COCO format datasets can be generated using the Roboflow platform:

from roboflow import Roboflow
rf = Roboflow(api_key="你的API密钥")
project = rf.workspace("rf-100-vl").project("mahjong-vtacs-mexax-m4vyu-sjtd")
dataset = project.version(2).download("coco")

Start training
- Sample code:
```
from rfdetr import RFDETRBase
model = RFDETRBase()
model.train(dataset_dir="./mahjong-vtacs-mexax-m4vyu-sjtd-2", epochs=10, batch_size=4, grad_accum_steps=4, lr=1e-4)
```
- For training, the recommended total batch size (batch_size * grad_accum_stepsFor example, the A100 GPUs use the batch_size=16, grad_accum_steps=1T4 GPUs batch_size=4, grad_accum_steps=4The

Multi-GPU Training

establish main.py Documentation:

from rfdetr import RFDETRBase
model = RFDETRBase()
model.train(dataset_dir="./dataset", epochs=10, batch_size=4, grad_accum_steps=4, lr=1e-4)

Runs in the terminal:

python -m torch.distributed.launch --nproc_per_node=8 --use_env main.py

commander-in-chief (military) 8 Replace with the number of GPUs you are using.
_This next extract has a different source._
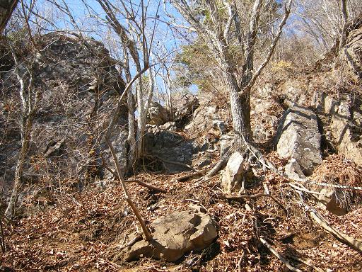 小規模な岩場。下りも相変わらず急坂。

Note the adjustment batch_size to keep the total batch size stable.

Load training results
- Two weight files are generated after training: regular weights and EMA weights (more stable). Loading method:
```
model = RFDETRBase(pretrain_weights="./output/model_ema.pt")
detections = model.predict("image.jpg")
```

ONNX Export

Export to ONNX format for easy deployment on other platforms:

from rfdetr import RFDETRBase
model = RFDETRBase()
model.export()

The exported file is saved in the output Directory for optimized reasoning for edge devices.

application scenario

automatic driving
RF-DETR detects vehicles and pedestrians on the road in real time. Its low latency and high accuracy are suitable for embedded systems.
industrial quality control
RF-DETR quickly identifies part defects on factory assembly lines. The model is lightweight and can be run directly on the equipment.
video surveillance
RF-DETR processes surveillance video to detect abnormal objects or behavior in real time. It supports video streaming and is suitable for 24/7 security.

QA

What dataset formats are supported?
Only the COCO format is supported. The dataset needs to contain train,valid cap (a poem) test subdirectories, each with a corresponding _annotations.coco.json Documentation.
How to get Roboflow API key?
Log in to https://app.roboflow.com, find the API key in your account settings, copy it and set it to the environment variable ROBOFLOW_API_KEYThe
How long does the training take?
Depends on hardware and dataset size. On a T4 GPU, 10 epochs might take a couple hours. Smaller datasets can be run on a CPU, but it's slow.